夢裏, 他聽了一夜的水聲, 有時還有女子的竊竊私語。別人的他聽不見, 只覺着有一把吳侬軟語特別順耳,他像青春萌動的少年, 躲在綠牆下,渴望着女人再多說幾句。

最好是笑幾聲, 那銀鈴般的笑聲仿佛也帶了淡淡的甜味, 他聽得心弦微顫。

這一夜, 季雲喜“身”心俱疲。

可恨的是李國青那愣頭青, 一大早天還麻麻黑呢就站他門口問:“老板今天上班不?”

其實是想确認一下,昨天廠裏出了事, 今天會不會放他們假。但季雲喜正尴尬着呢,褲子濕漉漉的哪有好心情理他。

“不想上可以回來。”

李國青趕緊否認:“不不不, 我不是那意思, 就是問一下。沒事,我媽已經在做早飯了, 咱們吃完就走,絕對不會遲到。”

季雲喜不知道,站在的他,有個詞叫做——欲求不滿。

等愣頭青走了, 他才不自在的坐起身, 皺着眉頭回想,車裏好像也沒帶可以換洗的褲子。

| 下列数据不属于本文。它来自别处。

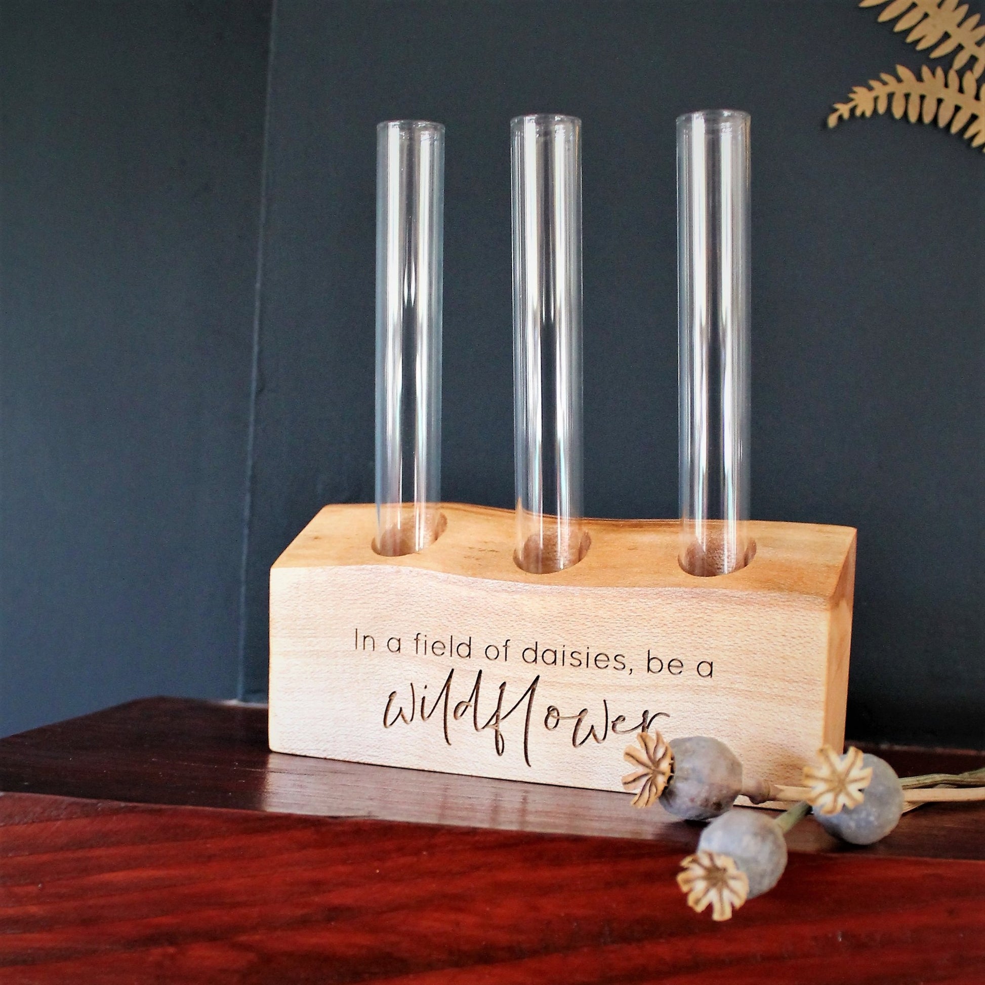 This test tube vase is made from locally sourced Aberdeenshire sycamore, designed, cut, drilled, sanded and engraved in the UK, in our little workshop in the heart of rural Aberdeenshire.

李家的早飯是一碗細細的面條,頭上有幾片薄薄的肉片, 還有兩個煎得金黃幹焦的荷包蛋。昨晚火鍋吃得好,胃口大開,現在吃面條就大口大口的。

只是頭上那幾片不知道是什麽肉,他沒碰。

“老板咋不吃肉?這酥肉還是我春花嬸子送的,可好吃了,香得能讓人把舌頭吞下去!”你不吃我吃,他咽了口口水。

十七八歲的大小夥子,正是吃啥都香的年紀。

季雲喜不動聲色,果然把肉吃了。

別說,還真有點香。

沒一會兒,隔壁院子也有動靜了,又是挨着院牆坐的某人突然老臉漲紅,把碗筷放下就出門了。他的車子停在大榕樹下,那裏還有輛拖拉機,上頭站了一群年輕男女,有人故意逗屋裏的進芳“再不來我們走了啊!”

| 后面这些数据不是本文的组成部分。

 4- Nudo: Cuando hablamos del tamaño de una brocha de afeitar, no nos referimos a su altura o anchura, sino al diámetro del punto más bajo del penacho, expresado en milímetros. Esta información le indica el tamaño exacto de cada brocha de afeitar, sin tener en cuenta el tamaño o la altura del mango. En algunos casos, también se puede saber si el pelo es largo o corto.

有人就催楊大滿快走,上班要遲到了。年輕人進進出出一路,玩笑起來倒是熱鬧。

楊大滿只會傻呵呵的笑,滿眼熱切的看着林家大門。

見季雲喜過來,大家都“老板”“老板”的叫,站在拖拉機上站也不是,下去也不是,頗難為情。

季雲喜眼角都不掃一下,兀自進了林家門,見大那個還在吃早飯,桌上只有一碗清得米湯似的稀飯,和半碟子大頭菜。小的正忙着梳頭發換鞋子。

“季老板吃了沒?要不來點兒?”徐璐喝一口“米湯”,滿足的嘆口氣。她就喜歡喝清粥,不喜歡稠呼呼的稀飯,總覺着不清爽。

季雲喜卻皺起眉頭,母女倆莫非就靠這個填肚子?怎麽吃得飽。看來,昨晚那頓算“熱情款待”了。

徐璐以為他不吃,喝完碗裏最後一口,站起來就準備收拾碗筷。誰知道季雲喜突然大馬金刀的坐下,“碗呢?”

“啊?”

季雲喜也不廢話,自己起身摸進廚房拿碗,自己盛了半碗,就着鹹菜喝起來。

嗯,別說,還真挺香。他告訴自己一定是昨晚吃太重口了,現在換到清粥小菜就格外舒服。

喝完半碗,見盆裏還有,他又喝了半碗,趕在李國青咋咋呼呼進門前放碗歇筷擦嘴起身一氣呵成。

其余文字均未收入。